The Egg and — SPLAT!

A local paper has been full of articles bragging about how an author was taken to task for writing about a local family, back in the ’50’s.

It’s well-known that the lawsuit for defamation was not started until the book — and the subsequent movie — began to make money.  The publishers and a local paper settled out of court to get rid of a nuisance suite.

This has led to a local mythology that the writer was defeated for making fun of a local family.  This myth might frighten local writers from using materials based on their own scene.

First of all, the Supreme Court has since backed the First Amendment by deciding that editorial cartoons, fictions, etc., come under “parody.”  This is part of the right of free speech. 

Unlike the time of the original case, and in direct reaction to this kind of lawsuit (and the actions of the House Unamerican Activities Committee), writer’s legal support groups now exist, including the Screen Actor’s Guild, the National Writer’s Union (AFL/CIO) and the Comic Book Legal Defense Fund.   

The New York Times found out what it was like to take on one of these organizations when it attempted to force an animation-industry style All Rights Contract upon freelance journalists, demanding the copyright of all articles from all authors.  It lost to the National Writer’s Union in a case that went to the Supreme Court.
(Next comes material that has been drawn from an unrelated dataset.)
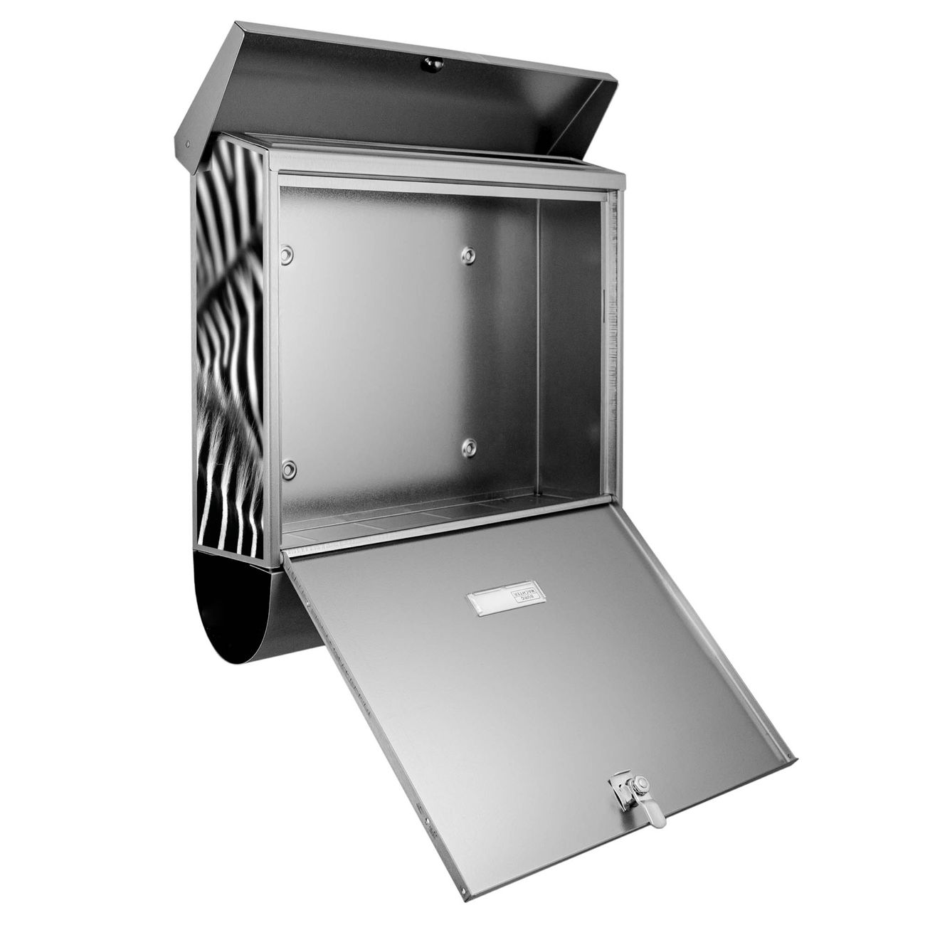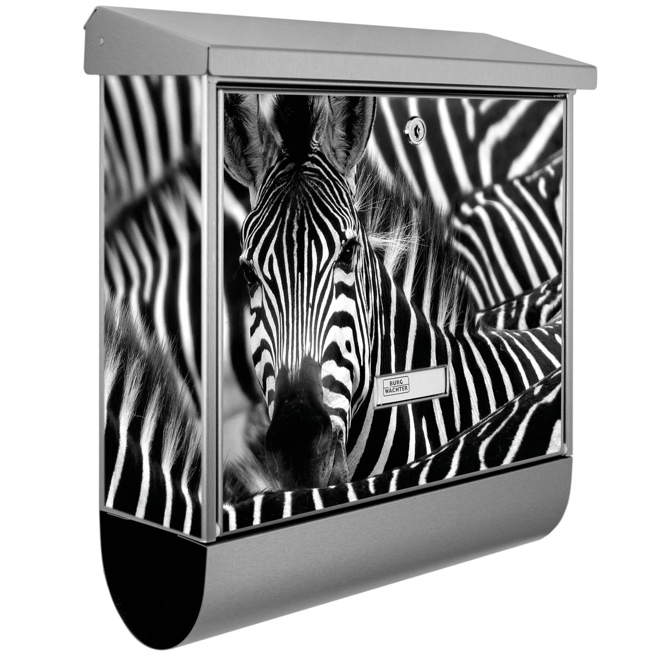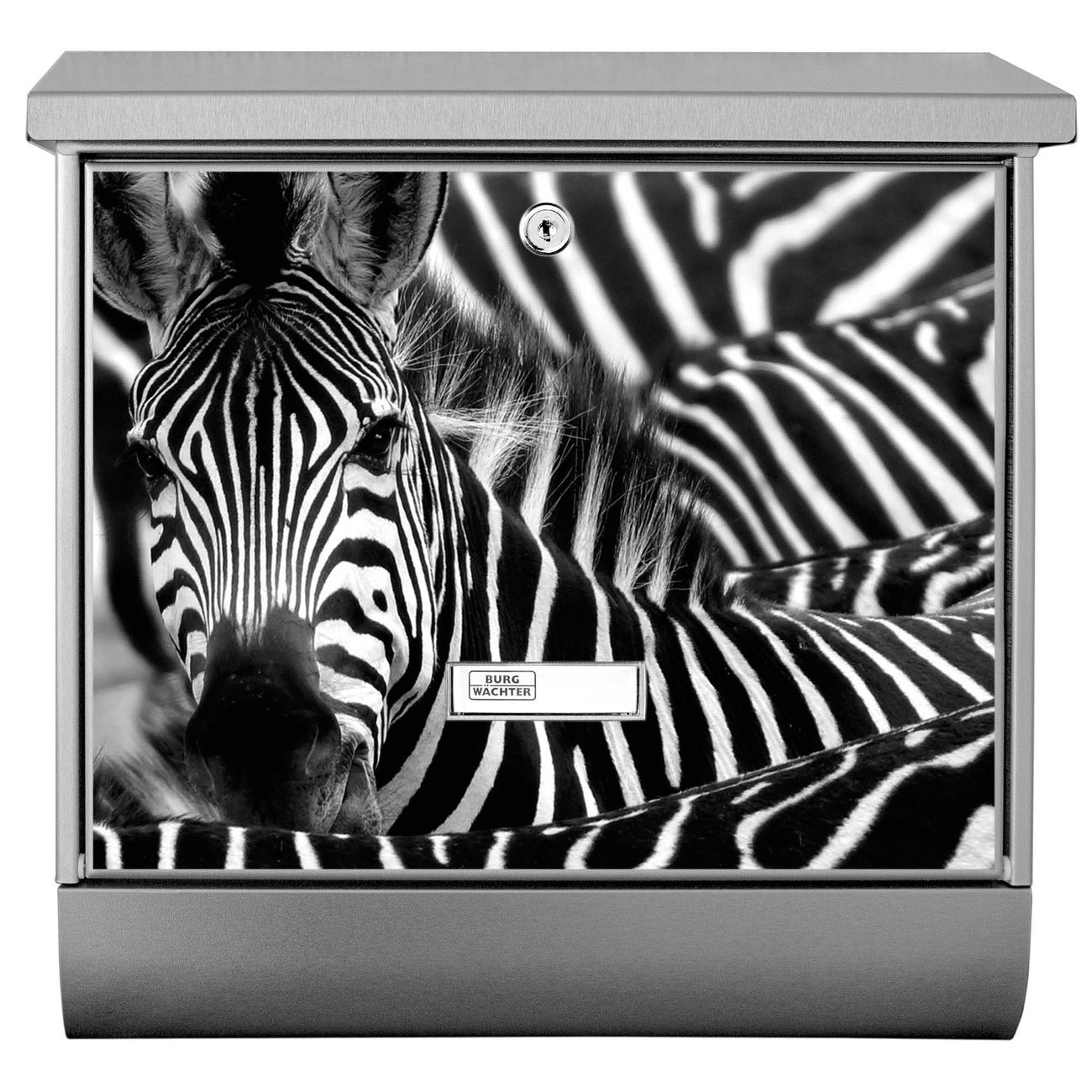 Der BURG-WÄCHTER Edelstahl Briefkasten mit Motiv Zebras und Zeitungsrolle bietet Ihnen mit seinem Fassungsvermögen genügend Platz auch für große A4 Sendungen und Zeitschriften. Das integrierte Regendach schützt Ihre Post vor dem Eindringen von Regen.

Fiction is not defamation.  For example, recently someone went to one of my clients and attempted to make trouble for me with an organization I work with by partly quoting something I had said at an open arts meeting.  First of all, I have the citizen right to make such a proclamation.  As for the activity, involving literature that is written for full citizens and not children, I again have the right to be involved in that activity.  No one has the right to get between me and a client in an attempt to infringe upon any part of my business or livlihood.  The person who did it put themselves — and the client, who responded — into the position of being liable in a court. 

I do not intend to follow up or begin such legal proceedings, even though I know very well how the local court system works.  I think the people involved have realized that, in the case of property, if they did something like this to anyone else, and if they owned sufficient property, the deep-pockets syndrome might kick in.  They have to understand that is always a danger.

Fiction, however, does not come under the defamation definition.  The original author combined people, reworked situations, and generally did what a fiction author is supposed to do — rewrite from experience to express humor or tragedy or an overview of the human condition. 

So the next time anyone starts bragging about winning court cases against authors for fiction, remind them that happened in the days of McCarthyism, and that it no longer applies.

That was then, this is now.  And there’s more than one way for an author to get rich.